Acordou com a risada dos amigos na piscina e o cheiro de churrasco invadindo o sítio. Devia ser oito da manhã ou quatro da tarde. Não importava. Depois da décima sexta latinha de Heineken e um possível shot de cachaça, nada mais importava. A dor de cabeça que sentia era só uma lembrança bem-vinda da noite anterior. A merecida comemoração depois de um ano tão bosta.

Quando combinaram de passar o Ano-Novo juntos, a pandemia parecia algo distante. Promessas feitas em meio ao corote, ao glitter e a fantasias, que decidiram levar a cabo mesmo com o aumento dos casos no país. Antes do mundo explodir, tinham o costume de se encontrar em um bar a cada 15 dias. Desde março não faziam mais isso. E também não se viram direito, pelo menos não os cinco ao mesmo tempo. O que não podiam prever é que dezembro chegaria sem previsão para o retorno das resenhas. Mas era hora da virada. E nem mesmo a Covid-19 atrapalharia isso.

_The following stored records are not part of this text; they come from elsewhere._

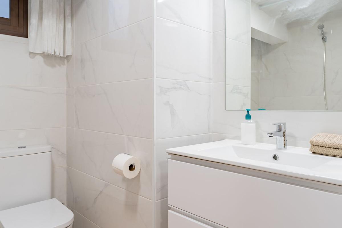 À l'intérieur, le rez-de-chaussée comprend un vaste séjour/salle à manger baigné de lumière naturelle, une cuisine entièrement équipée et trois chambres, dont deux avec salle de bains privative. Depuis le séjour, on accède à une superbe cour intérieure de style andalou, agrémentée d'une fontaine apaisante : un lieu idyllique pour se détendre.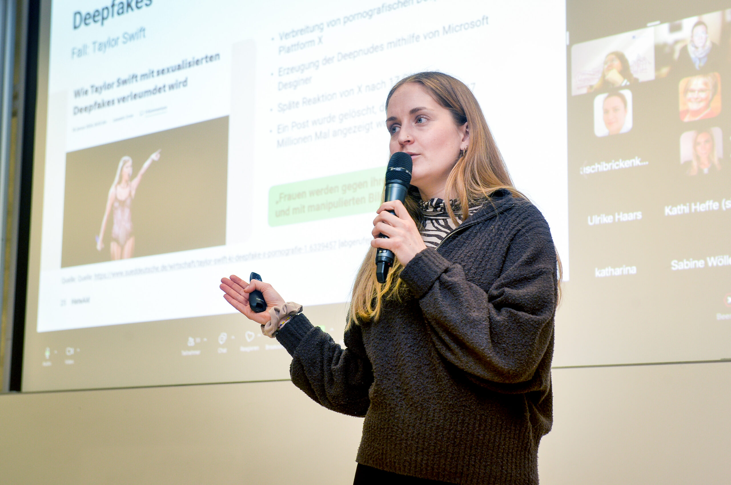 Als Referentin konnte Kathi Heffe gewonnen werden, Expertin für digitale Gewalt bei der gemeinnützigen Organisation HateAid. Ihr Vortrag erwies sich als echter Eye-Opener und machte eindrucksvoll deutlich, wie allgegenwärtig digitale Gewalt ist. Zugleich ermutigte sie die Teilnehmenden, sich aktiv und selbstbewusst gegen digitale Übergriffe zur Wehr zu setzen.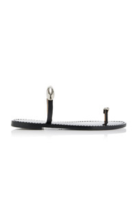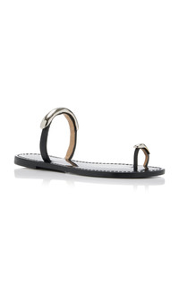 Anita Patrickson channels her love of Africa (she grew up on a farm out in the bush), her reverence for Mother Earth, and her appreciation for conscious craftsmanship into impossibly chic handmade sandals. To ensure minimum excess waste, each pair is made to measure using the finest leather sourced from Florence—which is then painted by hand—as well as hides that are by-products and vegetable-dyed. Handmade from leather, the 'Samburu' sandals have a sleek, minimal body adorned with a silver-plated ankle strap and toe ring. PRODUCT DETAILS - Slip on - Composition: leather - Made in the USA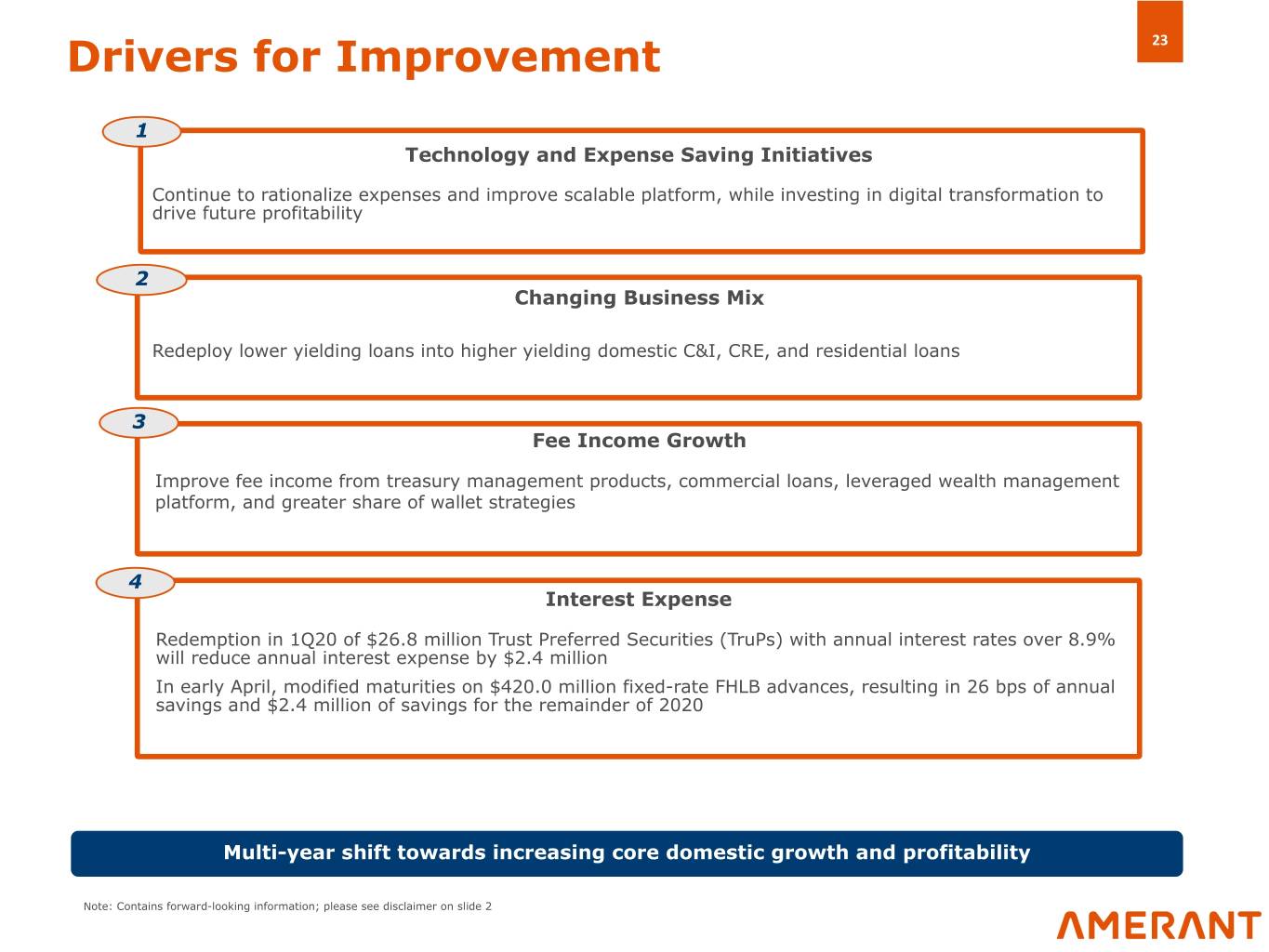 Drivers for Improvement 23 1 Technology and Expense Saving Initiatives Continue to rationalize expenses and improve scalable platform, while investing in digital transformation to drive future profitability 2 Changing Business Mix Redeploy lower yielding loans into higher yielding domestic C&I, CRE, and residential loans 3 Fee Income Growth Improve fee income from treasury management products, commercial loans, leveraged wealth management platform, and greater share of wallet strategies 4 Interest Expense Redemption in 1Q20 of $26.8 million Trust Preferred Securities (TruPs) with annual interest rates over 8.9% will reduce annual interest expense by $2.4 million In early April, modified maturities on $420.0 million fixed-rate FHLB advances, resulting in 26 bps of annual savings and $2.4 million of savings for the remainder of 2020 Multi-year shift towards increasing core domestic growth and profitability Note: Contains forward-looking information; please see disclaimer on slide 2

Eram amigos há mais de 15 anos. Conheceu o Tuca primeiro, naquelas dinâmicas de apresentação, típica de início de ano na escola. Passaram o recreio trocando ideia e não se desgrudaram mais. O Marco e o Pipoca entraram no grupo pouco tempo depois, quando montaram o primeiro time de futsal da sala. O Tripa foi o último, mas ninguém tem uma lembrança muito clara de quando começou a andar com eles. Mal notaram, ele já estava lá no meio.

Afinal, há coisas que não se pode fazer junto sem acabar gostando um do outro. Não derrubaram um trasgo montanhês, mas sabiam disso. Acompanharam cada um perder o BV (o Pipoca foi o útimo, daí o apelido), se apaixonar, quebrar a cara e se apaixonar de novo (o Pipoca era o mestre). Estiveram juntos nas provas e eventuais recuperações (o Marco, sempre ele). No primeiro porre (os cinco ao mesmo tempo, na casa do Tripa), nas aulas matadas e nas tardes que passavam juntos, sem fazer nada. Baladas, funerais, Carnavais, faculdade e vida adulta. Eram uma constante na vida um do outro.

Inclusive se orgulhavam de ter uma amizade sem muitas reviravoltas. Foram poucas brigas, todas resolvidas rapidamente. Sabiam de muitas histórias de amigos da época da escola que nunca mais se falaram depois da formatura. Sabiam que com eles não seria assim. Por mais que a vida tivesse afastado um ou outro por um tempo, sabiam que hora ou outra ele voltaria. Aliás, sabiam que ele estava a uma mensagem de distância. Que era só ligar que daria um jeito de estarem juntos o mais breve possível.

Durante a pandemia, isso foi ainda mais importante. Com todo mundo preso em casa, um foi o porto seguro do outro. Nos momentos de maior desespero, em que alguém perdia as esperanças, era só mandar uma mensagem no grupo. Nos dias em que batia de vez, podiam contar com pelo menos um deles para um encontro presencial, uma partidinha de Fifa e umas cervejas para aliviar a semana. Tinham certeza que aquilo ali era para a vida inteira.

Por isso não podiam deixar de se encontrar naquele sítio. Era uma forma de celebrar terem chegado ao fim do ano. E pelo jeito todo mundo já tinha levantado. A voz do Tuca ecoava na cozinha, tinha que dar um jeito de sair da cama também. Era o feriado deles, afinal. Ainda grogue, chegou até o amigo.

– Acordou, Delinquente? Pega esse copo aqui porque a carne tá na grelha e é seu dia de lavar as vasilhas.

Deu o primeiro gole de cerveja do dia e abriu um sorriso.